But the long night of French democracy is not yet over. Le Pen and his ilk (including former aide Bruno Megret) have qualified to run candidates in at least 319 constituencies when France votes for the 577 members of the national assembly. While it’s doubtful the far right would win more than a small fraction of these seats, it’s got the potential to wield a lot of clout in individual races. If it wins even 15 or 20 seats, it could play a pivotal role in a divided assembly.
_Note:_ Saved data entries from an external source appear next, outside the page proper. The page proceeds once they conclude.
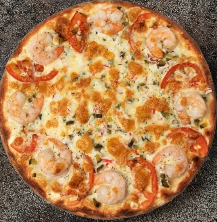 королевские креветки, имитация краба, корнишон, помидор, сливочный соус, моцарелла, орегано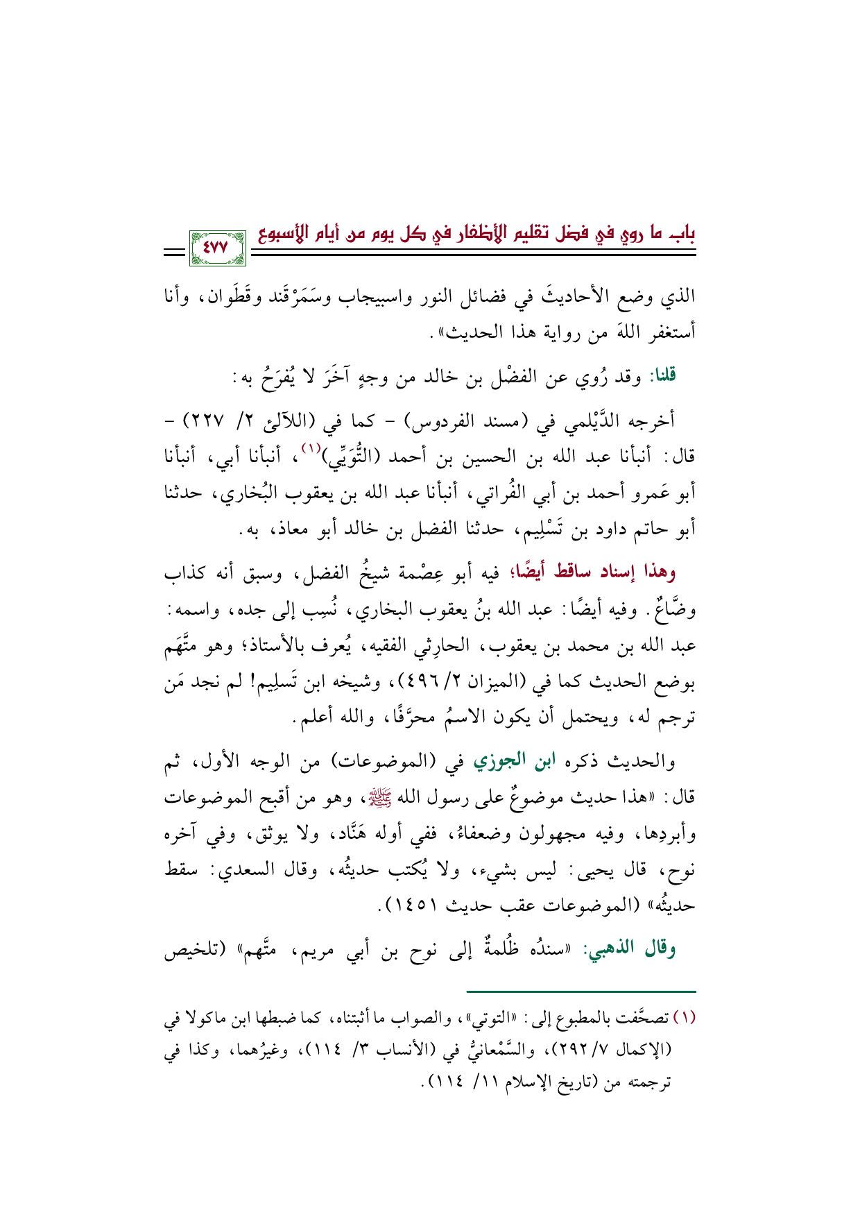 وهذا إسناد ساقط أيضًا؛ فيه أبو عِصْمة شيخُ الفضل، وسبق أنه كذاب وضَّاعٌ. وفيه أيضًا: عبد الله بنُ يعقوب البخاري، نُسِب إلى جده، واسمه: عبد الله بن محمد بن يعقوب، الحارِثي الفقيه، يُعرف بالأستاذ؛ وهو متَّهَم بوضع الحديث كما في (الميزان ٢/ ٤٩٦)، وشيخه ابن تَسلِيم! لم نجد مَن ترجم له، ويحتمل أن يكون الاسمُ محرَّفًا، والله أعلم.
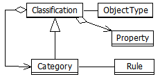 In general, categories are classifications, i.e. a category may consist of a number of sub categories, which allow further division of object collections. When the category's classification refers to a type (typed category), it may define an object collection containing a set of specialized object instances.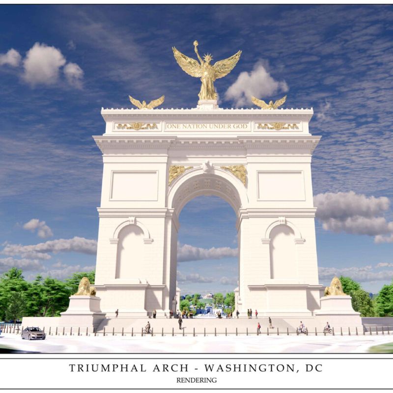 Trump a également ajouté que cette réalisation serait "une merveilleuse addition" dont le public pourra profiter pendant des décennies. L'architecture de l'arc, inspirée du célèbre monument parisien, comprendrait des statues dorées et les inscriptions "One nation under God" et "Liberty and justice for all" également en lettres dorées.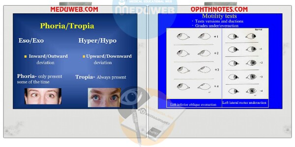 ● Both Phoria and tropia are measured by the alternate cover test. With uncovering both eyes are observed for a correcting movement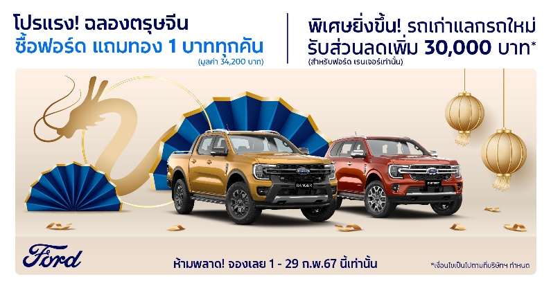ฟอร์ดอัดเพิ่มโปรแรง นาทีทองต้องจองฟอร์ด ซื้อรถฟอร์ด-แจกทอง 1 บาททุกคันตลอดเ...
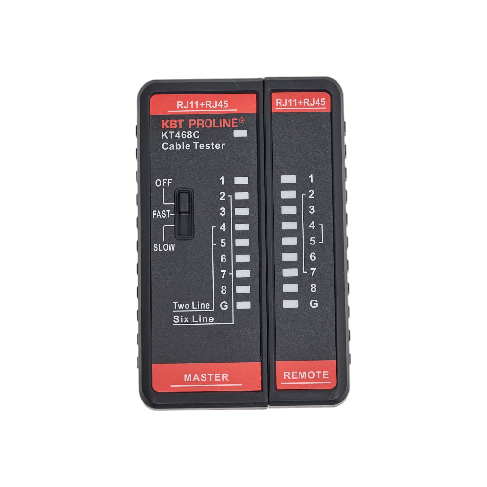 Тестер для проверки витой пары и телефонного кабеля с возможностью обнаружения обрыва и короткого замыкания, правильности обжима и целостности экрана витой пары, а также для устранения неполадок в перекрестных сетях. Тип кабеля: экранированные и неэкранированные витые пары; телефонные кабели RJ45, RJ11; коаксиальные кабели (модель КТ 468В ). Дополнительные характеристики: Разъемы: RJ45 и RJ11 (объединенный порт); Максимальная длина исследуемого кабеля: 305 м; Тип индикатора: светодиодный; Две скорости тестирования: стандартная и ускоренная.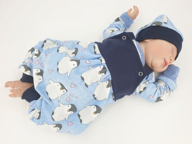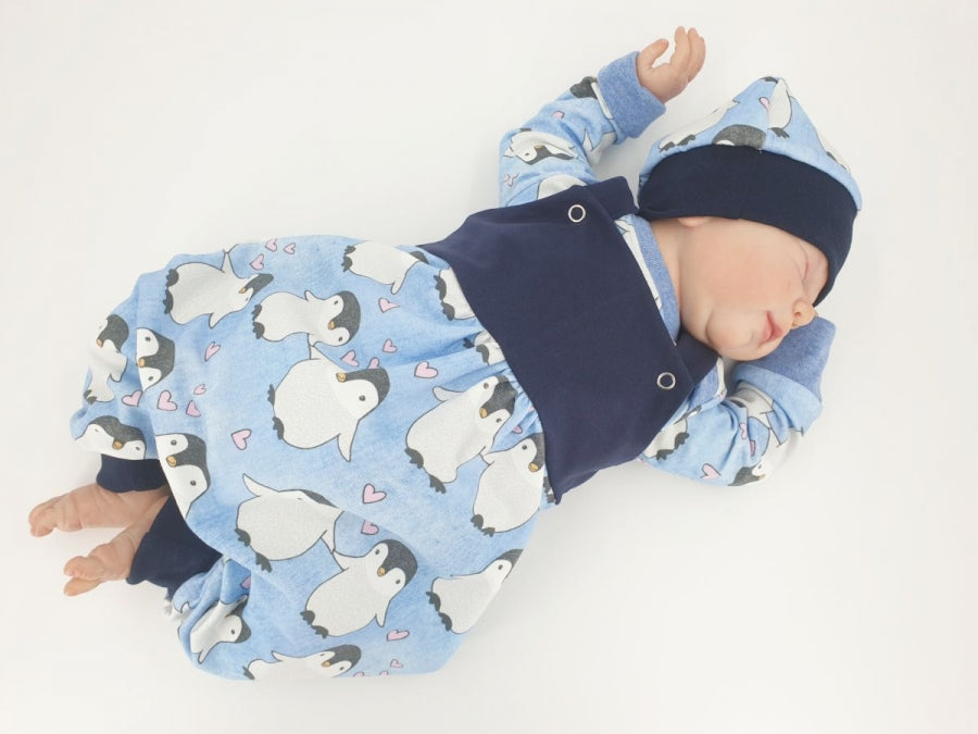 Latzstrampler kurz und lang auch als Baby Set Pinguine blau 9 von Atelier MiaMia

Such prospects have many columnists, a few politicians and no end of chain-smoking, espresso-sipping cafe-goers talking about the need for a new constitution to establish the sixth republic since 1793. The Fifth Republic, written into law at the behest of Charles De Gaulle in 1958, has been revised several times. But partisans of a new constitution think that’s just not enough. De Gaulle intended a strong presidential system pulling a more or less pliable assembly behind it. The president was elected for seven years and parliament for a five-year term. The president could dissolve parliament more or less at will. But in the 1980s the whole apparatus went out of sync. Socialist President Francois Mitterrand, five years into his first term in 1986, found himself with a parliament controlled by a Gaullist coalition. He managed to regain control when he was reelected in 1988, then lost it again in 1993. Two years later Gaullist President Jacques Chirac was elected, but dissolved parliament a year before he had to, in 1997, and lost control to the Socialists for five years until-well, until today, when Socialist Prime Minister Lionel Jospin finally resigned. It’s these periods of “cohabitation” between presidents of one party and prime ministers of another that the new-republicans would like to eliminate.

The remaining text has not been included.